When Heather Lindsay and Lexene Charles arrived at their Connecticut home the weekend before Martin Luther King Day, they found that their garage door had been damaged and vandals had spray painted a racial slur across it.
And it's still there one month on, with the couple refusing to remove it until Stamford police “do their job” and find the vandals. But now, the city is threatening to fine them $100 a day until it's removed.
“[Authorities should] not just cover it up and sweep it under the table as they have done in the past,” Lindsay told the Stamford Advocate. The local police chief even offered to paint over it, but the couple are standing strong in the face of a daily blight citation.
Darnell Crosland, of the local NAACP chapter, say that locals have their back.
“We think the police should open up a live investigation, and that means they should interview people.”

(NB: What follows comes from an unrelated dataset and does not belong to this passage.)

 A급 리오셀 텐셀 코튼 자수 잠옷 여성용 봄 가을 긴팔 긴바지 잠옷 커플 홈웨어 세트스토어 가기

“They should create a police report, and they should have a case number. I don’t even know if this situation has a case number yet, and I think that is an affront to all of us.”
City and police officials told ABC that they're working on the case, but have no witnesses or video evidence. But Stamford Police Chief Jonathan Fontneau said that the couple could face arrest if the slur stays up because of the harm it could have on locals.

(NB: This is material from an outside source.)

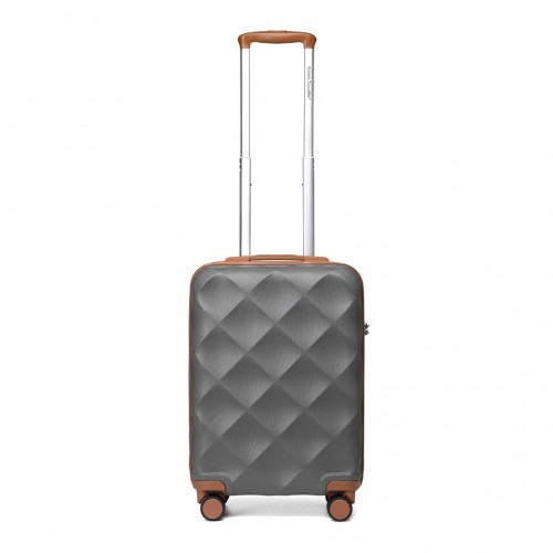 K2395L – British Traveller 20 Inch Ultralight ABS And Polycarbonate Bumpy Diamond Suitcase With TSA Lock – Grey And Brown

“Its existence has serious economic as well as psychological consequences in neighborhoods and communicates alarm,” the police website reads. It says that graffiti should be removed within 24-48 hours to “prevent the vandals from receiving the recognition they desire.”
The couple don't plan on giving up any time soon, and say they'll go to court if they have to. “I’d like to find out who did it because it has to stop,” Charles added.